[Items from a dataset]
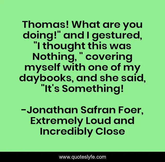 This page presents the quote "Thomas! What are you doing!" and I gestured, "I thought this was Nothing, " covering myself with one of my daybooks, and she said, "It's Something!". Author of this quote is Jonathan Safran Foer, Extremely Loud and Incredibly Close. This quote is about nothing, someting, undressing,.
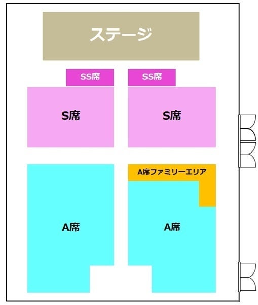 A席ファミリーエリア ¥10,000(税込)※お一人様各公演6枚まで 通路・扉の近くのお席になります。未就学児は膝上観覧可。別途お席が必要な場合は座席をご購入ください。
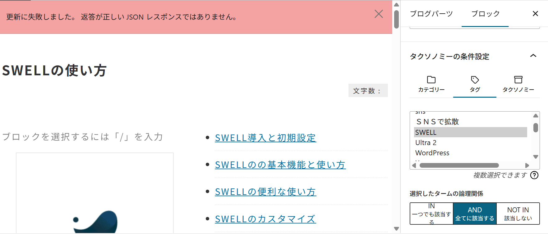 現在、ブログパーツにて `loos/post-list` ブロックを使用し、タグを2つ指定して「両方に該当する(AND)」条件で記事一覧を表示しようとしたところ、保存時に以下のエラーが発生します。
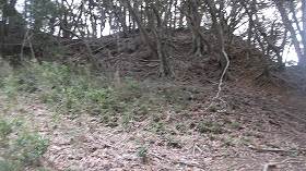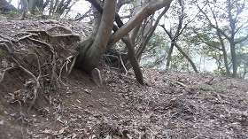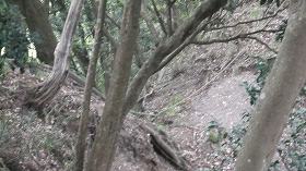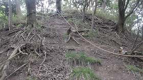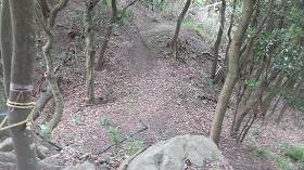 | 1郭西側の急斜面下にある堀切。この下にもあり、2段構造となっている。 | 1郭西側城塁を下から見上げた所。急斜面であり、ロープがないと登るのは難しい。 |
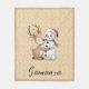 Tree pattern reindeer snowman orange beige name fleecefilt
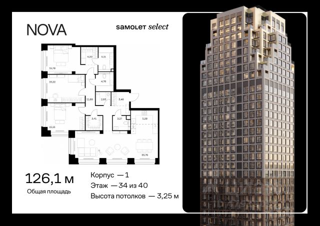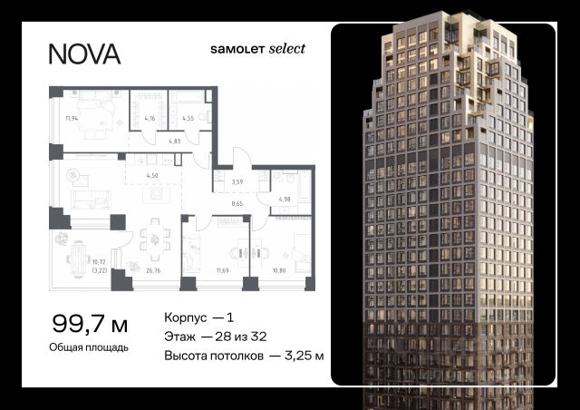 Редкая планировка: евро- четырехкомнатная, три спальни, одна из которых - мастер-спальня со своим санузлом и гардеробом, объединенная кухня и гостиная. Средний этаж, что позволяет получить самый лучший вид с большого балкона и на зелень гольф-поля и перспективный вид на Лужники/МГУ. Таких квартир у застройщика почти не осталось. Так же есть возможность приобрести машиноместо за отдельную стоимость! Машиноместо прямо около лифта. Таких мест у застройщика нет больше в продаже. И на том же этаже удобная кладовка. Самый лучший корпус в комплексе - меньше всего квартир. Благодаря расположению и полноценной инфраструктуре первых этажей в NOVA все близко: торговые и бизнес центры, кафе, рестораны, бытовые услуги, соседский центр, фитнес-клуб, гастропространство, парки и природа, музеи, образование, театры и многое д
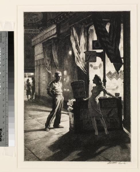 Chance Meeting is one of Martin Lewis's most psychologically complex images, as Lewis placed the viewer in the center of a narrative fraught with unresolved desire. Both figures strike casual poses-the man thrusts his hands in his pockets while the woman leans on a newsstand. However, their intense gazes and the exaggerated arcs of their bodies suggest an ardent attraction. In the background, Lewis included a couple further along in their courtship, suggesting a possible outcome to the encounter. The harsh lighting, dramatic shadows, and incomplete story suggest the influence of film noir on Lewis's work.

EXERCISE DETAILS:
Exactly reproduce the entries above, minus the pictures.

TASK SOLUTION:
 This page presents the quote "Thomas! What are you doing!" and I gestured, "I thought this was Nothing, " covering myself with one of my daybooks, and she said, "It's Something!". Author of this quote is Jonathan Safran Foer, Extremely Loud and Incredibly Close. This quote is about nothing, someting, undressing,.
 A席ファミリーエリア ¥10,000(税込)※お一人様各公演6枚まで 通路・扉の近くのお席になります。未就学児は膝上観覧可。別途お席が必要な場合は座席をご購入ください。
 現在、ブログパーツにて `loos/post-list` ブロックを使用し、タグを2つ指定して「両方に該当する(AND)」条件で記事一覧を表示しようとしたところ、保存時に以下のエラーが発生します。
 | 1郭西側の急斜面下にある堀切。この下にもあり、2段構造となっている。 | 1郭西側城塁を下から見上げた所。急斜面であり、ロープがないと登るのは難しい。 |
 Tree pattern reindeer snowman orange beige name fleecefilt
 Редкая планировка: евро- четырехкомнатная, три спальни, одна из которых - мастер-спальня со своим санузлом и гардеробом, объединенная кухня и гостиная. Средний этаж, что позволяет получить самый лучший вид с большого балкона и на зелень гольф-поля и перспективный вид на Лужники/МГУ. Таких квартир у застройщика почти не осталось. Так же есть возможность приобрести машиноместо за отдельную стоимость! Машиноместо прямо около лифта. Таких мест у застройщика нет больше в продаже. И на том же этаже удобная кладовка. Самый лучший корпус в комплексе - меньше всего квартир. Благодаря расположению и полноценной инфраструктуре первых этажей в NOVA все близко: торговые и бизнес центры, кафе, рестораны, бытовые услуги, соседский центр, фитнес-клуб, гастропространство, парки и природа, музеи, образование, театры и многое д
 Chance Meeting is one of Martin Lewis's most psychologically complex images, as Lewis placed the viewer in the center of a narrative fraught with unresolved desire. Both figures strike casual poses-the man thrusts his hands in his pockets while the woman leans on a newsstand. However, their intense gazes and the exaggerated arcs of their bodies suggest an ardent attraction. In the background, Lewis included a couple further along in their courtship, suggesting a possible outcome to the encounter. The harsh lighting, dramatic shadows, and incomplete story suggest the influence of film noir on Lewis's work.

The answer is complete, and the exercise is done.